Q. Why did you choose the Himalayas? What was your motivation?
A. During my gap year between school and university, I spent some time travelling around Nepal. It was 2001 and the country was in the midst of a civil war. One afternoon, when I was sitting in an Internet café in Pokara, the owner burst in, pulling down the shutters and shouting something desperately in Nepali. A few minutes later, I heard gunfire. There was a violent protest against the current government and it had escalated into a riot. I was wondering what to do next when I met Binod, a Nepali man about my age, who took me under his wing and helped me until I could leave Nepal, which was becoming a war zone. I had no money but promised Binod that I would return to thank him for his kindness. So, 14 years later, when asked where I wanted to walk next, the Himalayas seemed like an obvious choice and Binod ended up walking part of the route with me.
Levison trekked up a two-mile icefall from the Gurez valley in Jammu and Kashmir
Q. You have mentioned that walkers on this route have always shared a bond. Could you elaborate?
A. It’s impossible to not get close when you are experiencing hardships and challenges every day together. Binod and I had a bond from our first meeting in 2001, one that only became stronger. On a philosophical note, if you walk, you are much more a part of everyone else going from A to B the same way, and you are viewed as a fellow traveller. It is easier to talk to people and learn their stories.
The Hanging bridge of Passu in Pakistan. Pics courtesy/ Walking the Himalayas published by hachette
Q. How did you perceive the change of cultures as you moved through different countries?
A. When people in the UK think of the Himalayas, they tend to picture only Mount Everest, but the whole range is incredibly diverse. The only thing that people of Afghanistan have in common with the people of Bhutan is that they are in the shadow of the mountains. In some areas, people were living a way of life that hadn’t altered for hundreds of years, whereas in others, the sons and daughters of nomads had ambitions to work in the IT sector. My motivation in doing the walks is to meet people and visit the various cultures and traditions I find along the way. I don’t walk to break world records, or to do it quicker than anyone else — I walk because I am interested in people and the countries themselves.

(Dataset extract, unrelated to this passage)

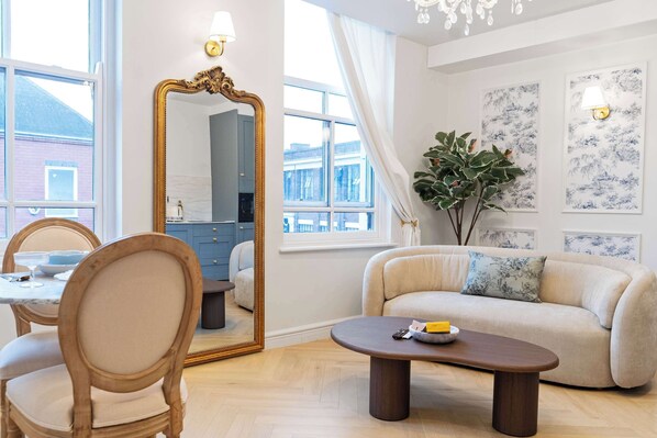 Step into Parisian elegance in the heart of Birmingham’s Jewellery Quarter. This beautifully styled one-bedroom apartment blends chic French décor with modern comforts — featuring a separate bedroom with a plush double bed, a cosy living area, and a luxurious bathroom.

Walking The Himalayas, Levison Wood, Hachette, Rs 699. Available at leading bookstores and estores
Q. What made you take up travel and writing after serving in the army?
A. After I left the regular army, many of my friends went off to work in offices in cities, which was never something I was interested in. I always had an interest in travel writing and photography and ended up setting up a travel guide company, which I ran for five years, before I was approached to make Walking the Nile for Channel 4 in Britain. I have always read books by and about famous travellers — Burton, Speake, Livingstone and Eric Newby, Redmond O’Hanlon — and it seemed to me that if I could travel, write books and take photographs, that would be my ideal way of life. So far it is going very well.